Monday, November 12, 2018

The Ghost of Peter Sellers (2018) DOC NYC 2018

THE GHOST IN THE NOONDAY SUN is a Peter Sellers film almost no one has seen. Made in 1973 at the instigation of Seller and fellow Goon, Spike Milligan, the film seemed like a good idea on paper. The biggest comedy star in the world would make a comedy with the hottest director in the world. It was a can lose proposition, and money was thrown at the production before the script was locked down. However things went wrong from the start as the pirate ship central to the story sank when it arrived on location. As if things couldn't get worse Sellers arrived to begin shooting only to decide he didn't want to do the film any more and did everything he could to stop production.
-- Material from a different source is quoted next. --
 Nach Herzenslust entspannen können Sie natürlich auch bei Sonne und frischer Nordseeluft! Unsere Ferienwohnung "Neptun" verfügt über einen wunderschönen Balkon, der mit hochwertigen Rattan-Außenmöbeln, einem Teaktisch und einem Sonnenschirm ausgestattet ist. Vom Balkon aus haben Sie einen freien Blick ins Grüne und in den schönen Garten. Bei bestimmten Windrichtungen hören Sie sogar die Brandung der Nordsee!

The film was finished but it broke numerous friendships, wounded director Peter Medak's career and left everyone stinging from their time in hell.
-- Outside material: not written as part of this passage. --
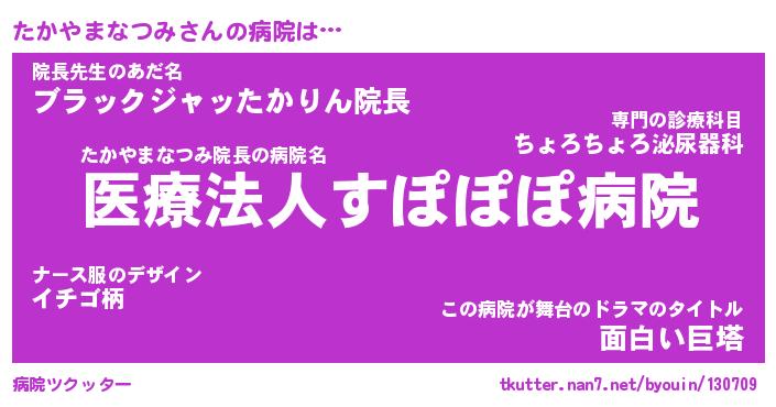 | 恥ずかしいあだ名 | 『プリティーたかやまなつみ』『たかちん』 |

What exactly happened and why was something that director Medak has been trying to work out over the last forty odd years. In an effort to put it to rest and move on Medak revisits the film, talks to those still alive, and finds a treasure trove of information he was completely unaware of.

Medak says at the start that this is the sort of making of that is usually done either after everyone is dead or by people not involved in the film under scrutiny. He reckons that this maybe the first time someone involved with a story like this has gone back to see what went wrong. The result is a masterpiece of a film.
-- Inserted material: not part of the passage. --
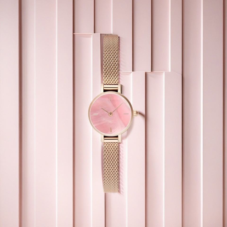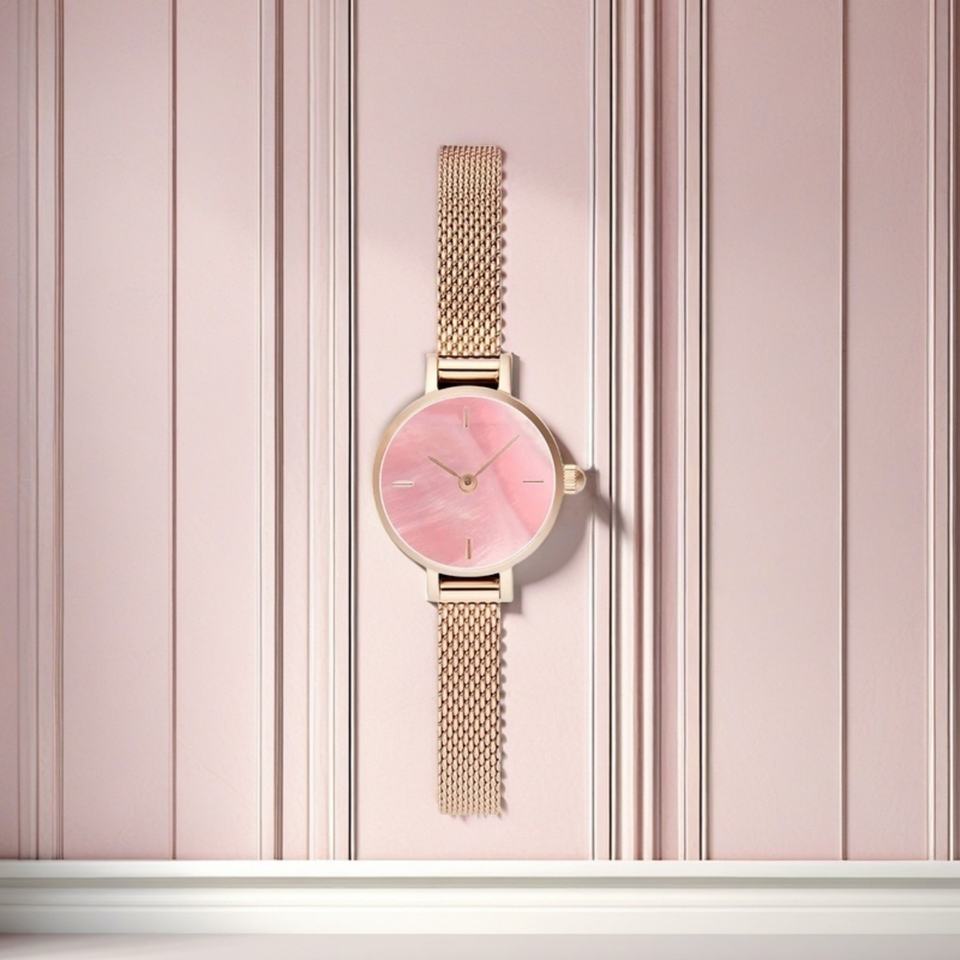 High-End Custom Pink Women's Watch Private Label Japan Movement Business Fashion Style Crystal Manufactured Elite Watchmakers

The simple answer to what went wrong is Peter Sellers. Sellers was a comic genius but a deeply disturbed man who was known to be difficult. Medak thought he would have a fighting chance because he was friend, but he was dead wrong, Sellers was not giving quarter to anyone. Sellers was by all accounts functional, but mentally ill. He was moody, manic and prone to poor behavior. He had to be the center of attention, so when one of the first scenes filmed was found to be hysterical, despite his having no part in it, he wanted out of the film. Years later, when Medak met Sellers after years of estrangement he found Sellers would genuinely have no recollection of what actually happened.

Make no bones about it, this film makes it clear that people with mental illness need to be treated.

Medak has made a very complex film. There is a great deal going on and there is no way that I can hope to express how really good this film is or what all the threads are. We have the story of the film, of Medak's journey to find closure, a "you are there" look at Seller's and detailed look at how movies get made, a discussion of mental illness and a couple of others as well. All of them are tied together beautifully by Medak who makes every bit vital to understanding what happened. He has also created a film that will make you laugh out loud at the insanity of it and yet will reduce you to tears in the end. Frankly I need another time or two through to be able to really do the film justice. Its a feeling that has grown since I saw the film a few days ago since in thinking about the film I realized just how much Medak has put before us to ponder. This isn't just about a movie but about life on a larger level.

Bravo Mr Medak, Bravo.

I should let you know we also get a really good look at the mess of a film that is THE GHOST IN THE NOONDAY SUN. The film was actually finished and apparently kind of released in 1984. The film had been shelved after completion in part because so much was not filmed that the studio deemed it not finished, except it was as best as could be hoped to be finished.  The film, from what is in the documentary, looks really weird. It very much looks like insane Spike Milligan nonsense at Milligan's most WTF. When things were getting really bad Milligan, who wrote the screenplay, was rushed down to Cyrus to fix the script as they shot but he only made it less coherent and more surreal. (I've tracked down a copy for viewing down the road)

On it's own Peter Medak's THE GHOST OF PETER SELLERS is a must see for anyone who loves the movies. It is a wonderful look at film, at stars and what can go horribly wrong and how it can affect our lives. It is a hell of a tale expertly and grippingly told.